Futher to my comments ...
For any $3$ consecutive primes (regardless of if they contain twin primes or not) $p_{n},p_{n+1},p_{n+2}$, it's true that $$\frac{p_{n+1}+p_{n}}{2}<p_{n+2}<p_{n+1}+p_{n}$$ In fact, $\forall p_{n+k}\geq p_{n+2}$ we have $p_{n+k} > p_{n+1}$ and $p_{n+k} > p_{n}$, thus $$\frac{p_{n+1}+p_{n}}{2}<p_{n+k}$$ For a fixedfixed $k$, we can show that $$\lim\limits_{n\to\infty}\frac{p_{n+k}}{p_{n}}=\lim\limits_{n\to\infty}\frac{p_{n+k}}{p_{n+1}}=1 \tag{1}$$ This means that for large enough $n$'s we have $$p_{n+k}<2p_{n} \text{ and } p_{n+k}<2p_{n+1}$$ Applying AM-GM yields $$p_{n+1}+p_{n}\geq 2\sqrt{p_{n+1}\cdot p_{n}}=\sqrt{2p_{n+1}\cdot 2p_{n}}> \sqrt{p_{n+k}^2}=p_{n+k}$$ for large enough $n$'s, or $$\frac{p_{n+1}+p_{n}}{2}<p_{n+k}<p_{n+1}+p_{n} \tag{2}$$ The range of the fixed $k$ depends on when $(1)$ gets less than $2$.
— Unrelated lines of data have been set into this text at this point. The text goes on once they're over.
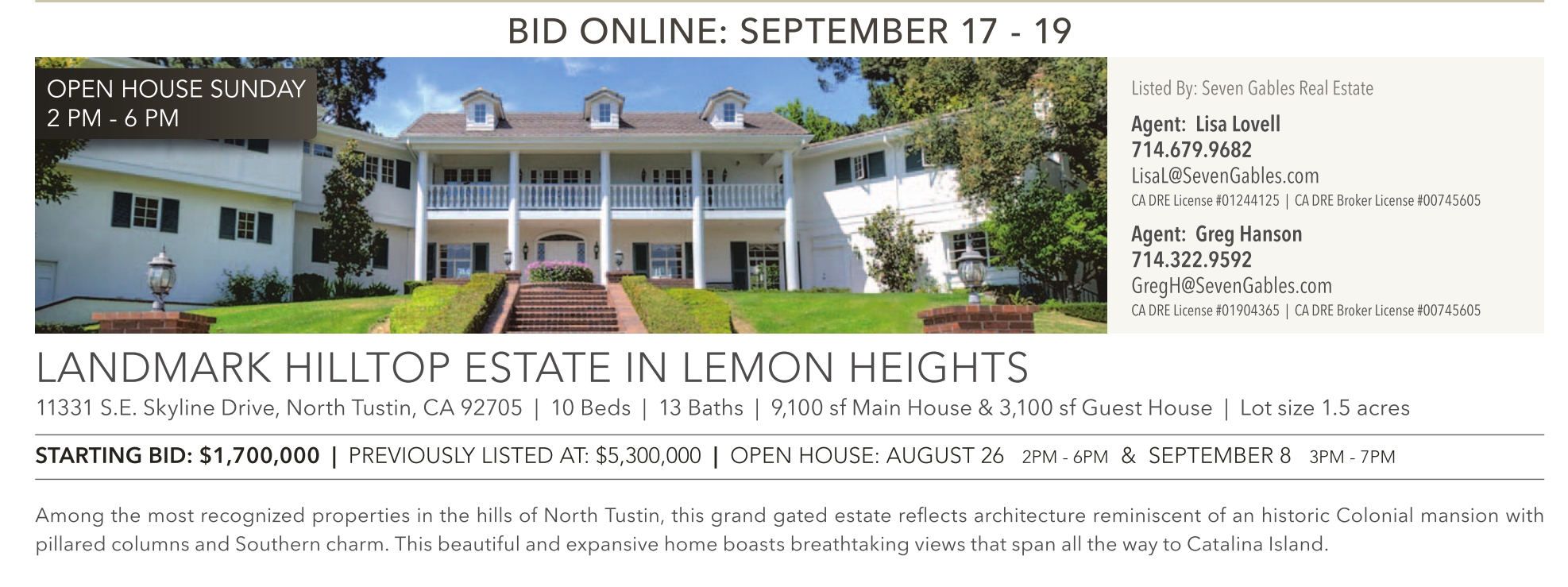 11331 S.E. Skyline Drive, North Tustin, CA 92705 | 10 Beds | 13 Baths | 9,100 sf Main House & 3,100 sf Guest House | Lot size 1.5 acres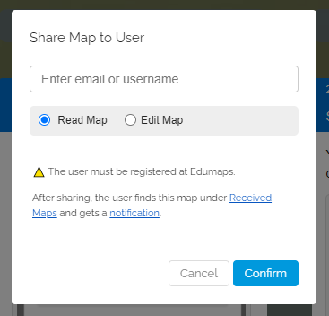 • Additionally, they will receive a notification on Edumaps, which will also link to the shared map.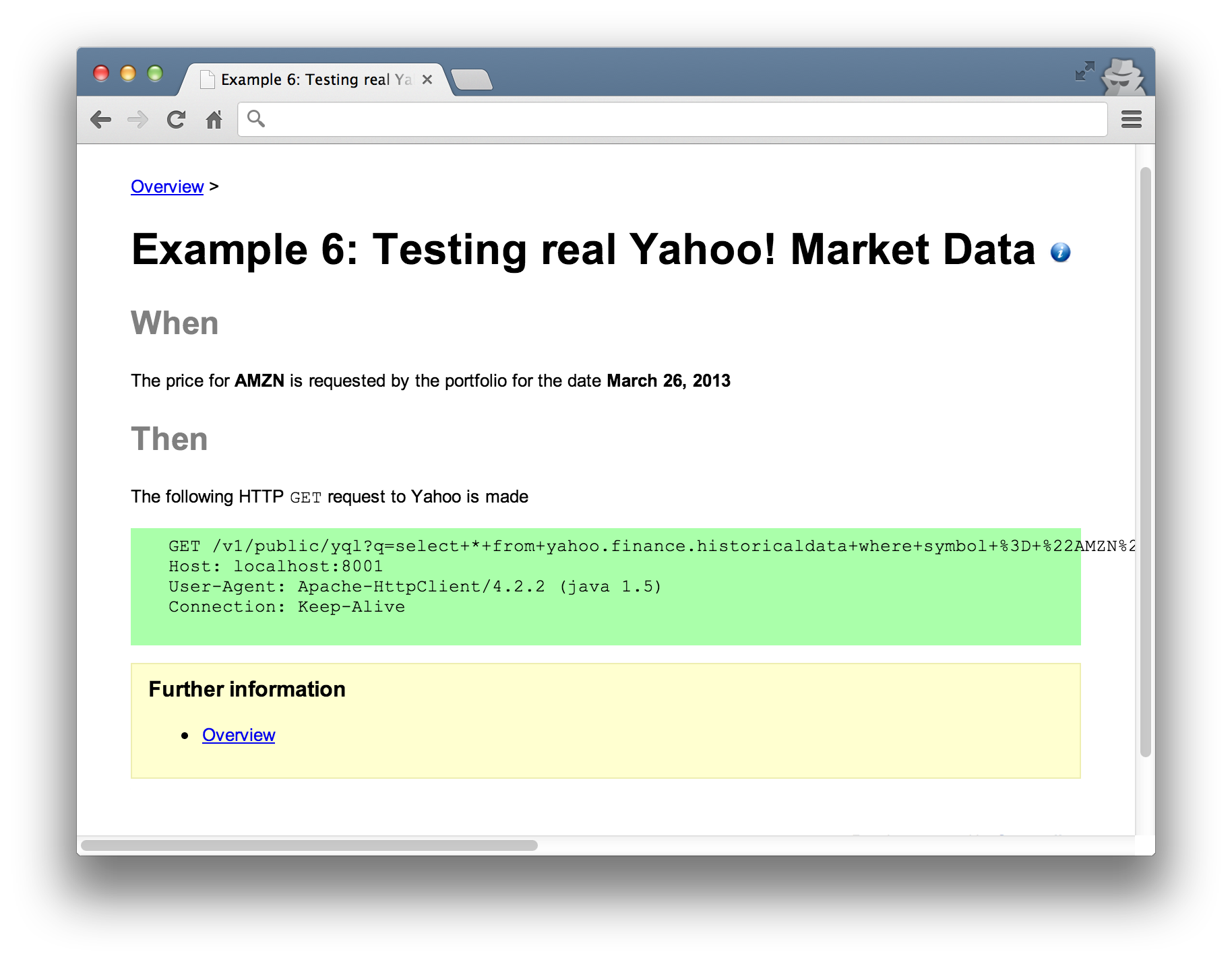 We’d also need tests to ensure that the real Yahoo market data component operates as expected. We’ve already built our market data adapter that we fake out in the previous tests (Example 5.) but now we need to make sure that how we expect fake market data components to behave in tests is actually how they behave with real Yahoo.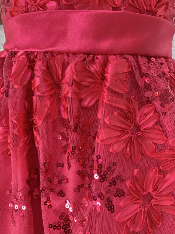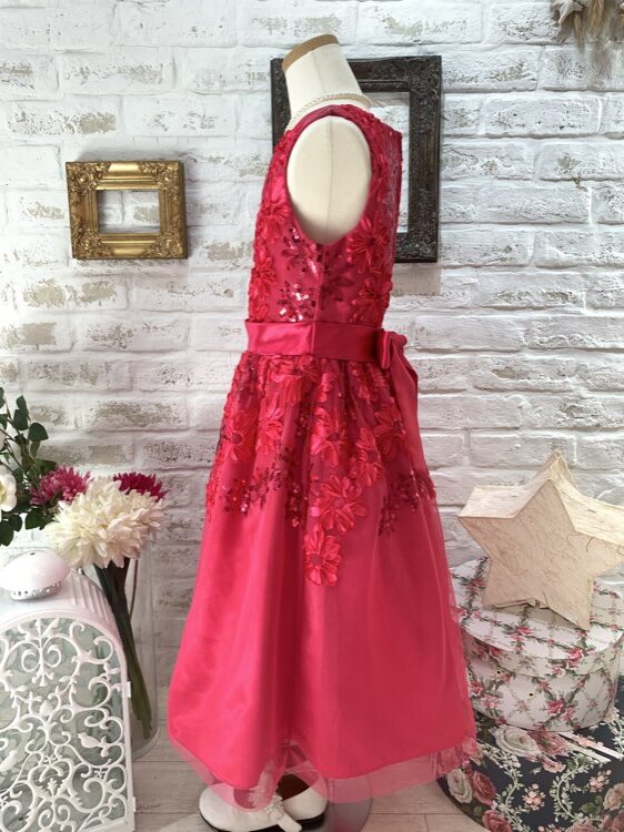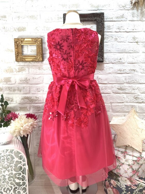お花スパンコールビビッドピンクキッズドレス130-140cm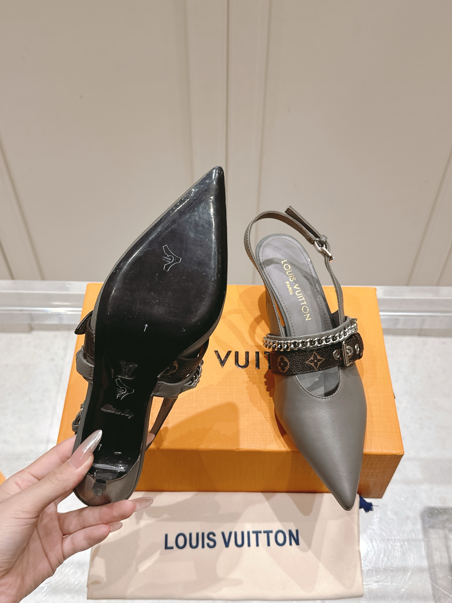 Louis Vuitton Cherry Print Slingback Heels Women’s Designer Pointed Toe Shoes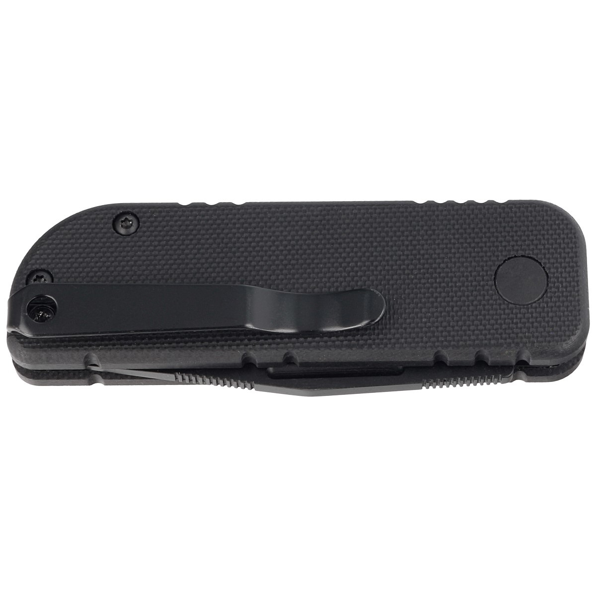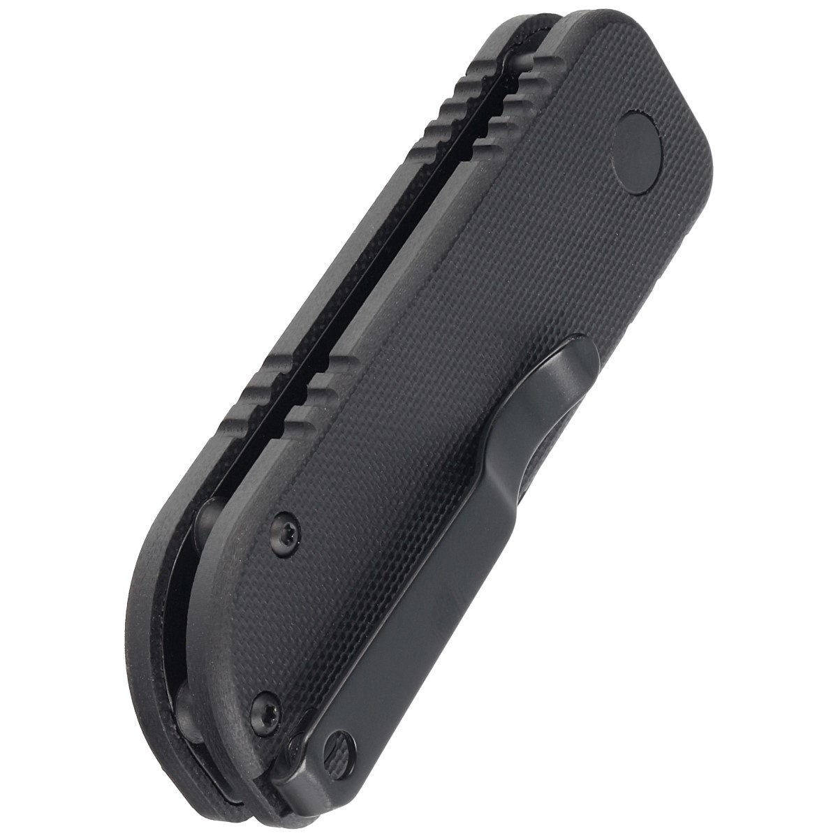 Rękojeść - okładziny z G10, praktycznie niezniszczalnego tworzywa niewrażliwego na warunki atmosferyczne, odpornego na chemikalia i uszkodzenia mechaniczne. Fazowane krawędzie okładek eliminują ostre ranty a teksturowanie powierzchni poprawia pewność uchwytu. Otwarta konstrukcja tzw. open-backed bez typowego backspacera, mocowana do siebie stalowymi tulejami dystansowymi ułatwia czyszczenie. Prosta, pewna konstrukcja daje pewność wieloletniego użytkowania. Dwupozycyjny (prawa/lewa) metalowy klips deep carry pozwala przenosić dyskretnie nóż w kieszeni w pozycji tip-up (czubkiem ostrza do góry).
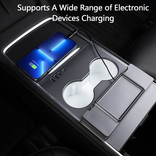 TOPABYTE Center Console USB Hub with Fast Charging Retractable Cable & Ambient Lighting for Model 3 Y (2021-2023)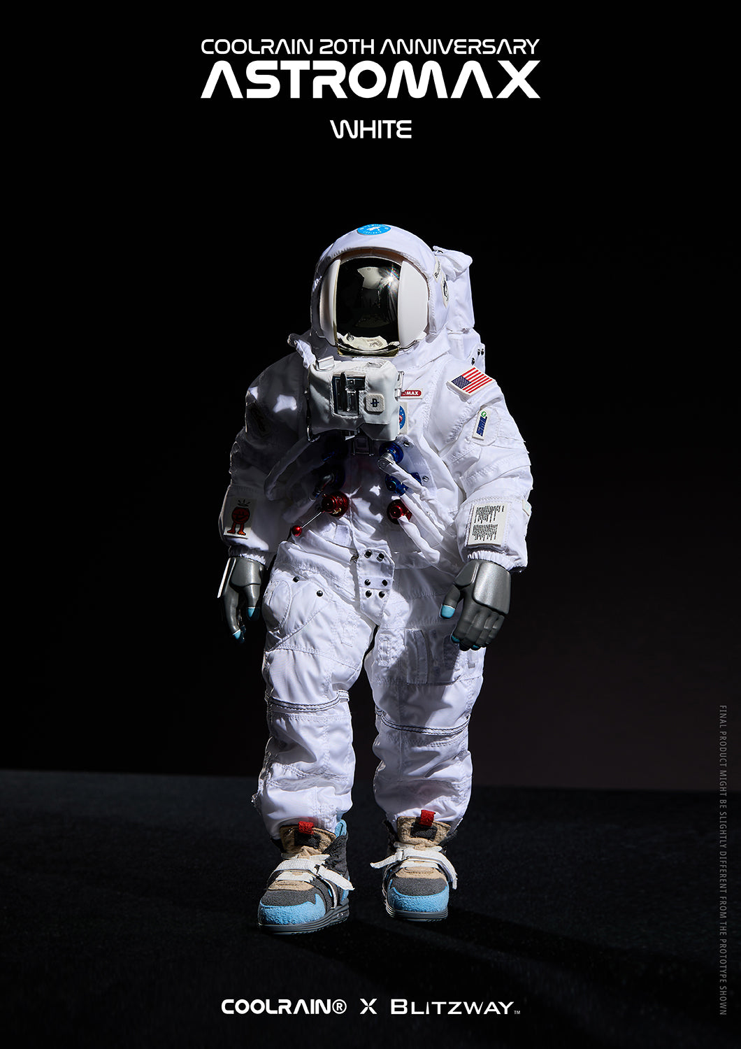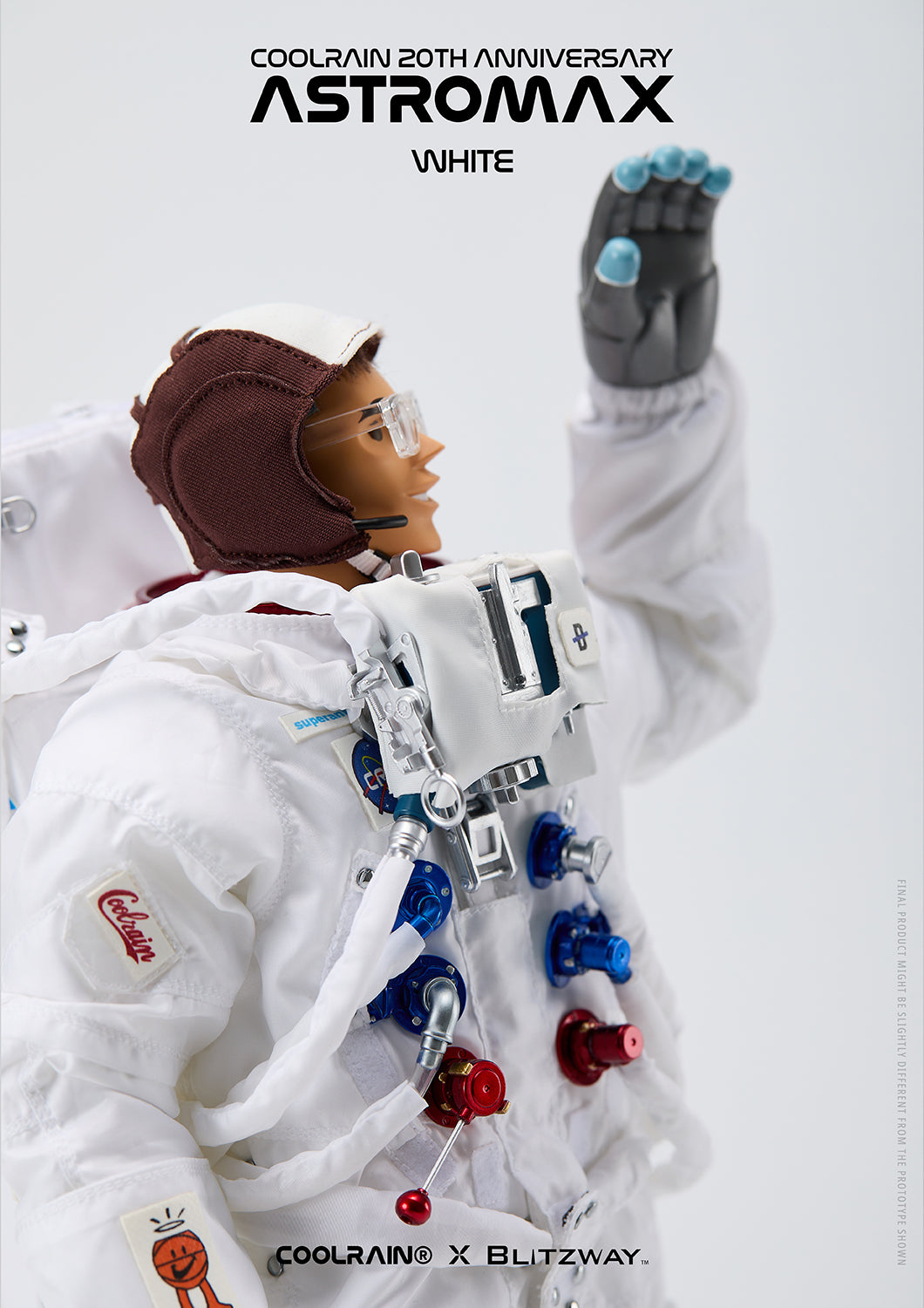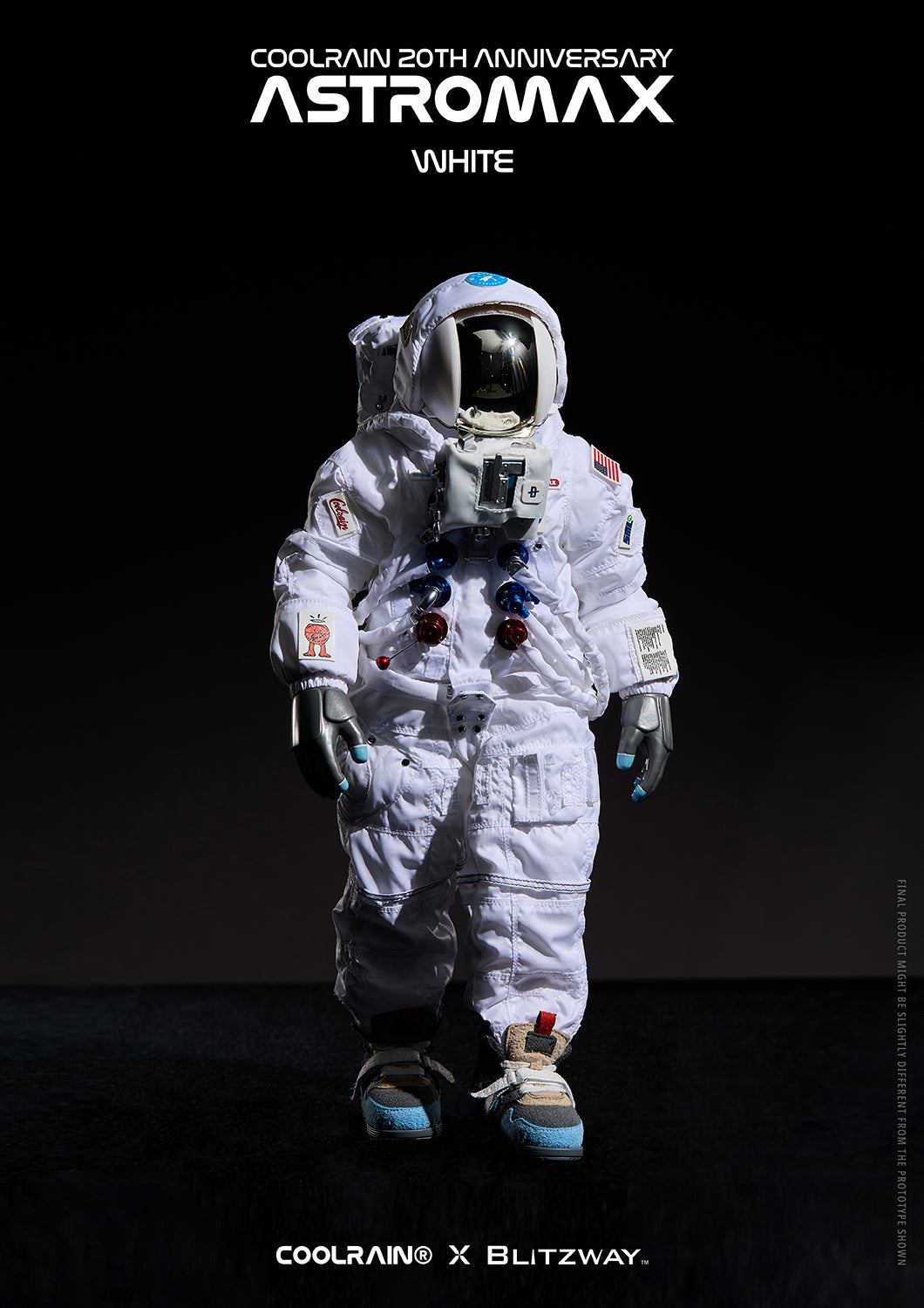 Crafted using fabric that reminds of an actual authentic spacesuit for the head and boots, meticulous attention to detail and precise manufacturing processes were necessary for this project. Through collaboration with Blitzway, the Astromax retains the same high-quality standards as Coolrain’s original prototype.

A few wordsA few words about $(1)$, it is true because of this limit $$\lim\limits_{n\to\infty}\frac{p_{n+1}}{p_{n}}=1$$ then $$\lim\limits_{n\to\infty}\frac{p_{n+k}}{p_{n}}= \lim\limits_{n\to\infty}\frac{p_{n+k}}{p_{n+k-1}}\cdot \lim\limits_{n\to\infty}\frac{p_{n+k-1}}{p_{n+k-2}}\cdot ...\cdot \lim\limits_{n\to\infty}\frac{p_{n+1}}{p_{n}}=1$$ again, for a fixedfixed $k$!